I recently used ministat to measure performance changes for my GVL release patch for Ruby's Zlib extension. The patch will allow multiple zlib or gzip streams to be deflated or inflated in parallel. I was asked to show any performance difference because the GVL release/acquire can be expensive depending upon the work done without the GVL.
I posted a video showing the difference between inflating very large files, but what about single-threaded use of Zlib? What about the worst case? While parallel processing of large streams is great, it shouldn't overly penalize single-thread or small-stream processing. I ran several benchmarks of single-threaded use to show minimal difference, but in the worst-case benchmarks I couldn't be sure there was any significant performance change.
Zlib background
For simplicity I'll only be mentioning inflate from here on, but the same loop handles inflate and deflate of gzip, zlib and raw deflate streams identically.

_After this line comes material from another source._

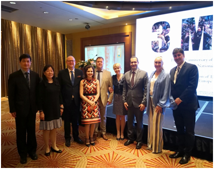 庆祝活动上,我校代表不仅与波兰驻上海总领馆大使Piotr Nowotniak及其夫人合影留念,还主动与出席庆祝活动的其他国家驻上海总领事进行接触交流,积极寻求拓展我校与“一带一路”沿线国家高校的合作机会。

While the Zlib extension is written in C, I've written this in roughly equivalent ruby while hand-waving over some of the details of how libz works since they're unimportant to the performance comparison. Before my patch run loop looked like this:
setup_input_buffer stream
setup_output_buffer stream
loop do
status = inflate stream
schedule_another_thread
return output_buffer if status == STREAM_END
if status == BUF_ERROR then
expand_output_buffer stream
next
else
# handle other errors
end
end
First the input and output buffers are set up. The input buffer contains the deflated string to be inflated and the output buffer will contain the inflated string. The default output buffer size is 1024 bytes.
Inside the loop inflate is called which will expand as much of the input stream as will fit in the output buffer, then ruby is given the chance to schedule another thread to provide fairness, then errors are checked.
A BUF_ERROR indicates there isn't enough room in the output buffer and more space needs to be added. The expand_output_buffer function adds up to another 16KB to the output buffer. Combined with scheduling another thread each time inflate returned, fairness is provided.
With my patch the run loop looks something like this:
setup_input_buffer stream
setup_output_buffer stream
release_GVL do
until interrupted do
status = inflate stream
return output_buffer if status == STREAM_END
if status == BUF_ERROR then
expand_output_buffer_without_GVL stream
next
else
# …
end
end
end
The differences are releasing the GVL, the interrupted flag and the change in expanding the output buffer.
To reduce copying the Zlib extension uses a ruby String for the output buffer, so expanding it requires GC interaction. The new function uses realloc(3) directly to avoid GVL contention and mirrors rb_str_resize().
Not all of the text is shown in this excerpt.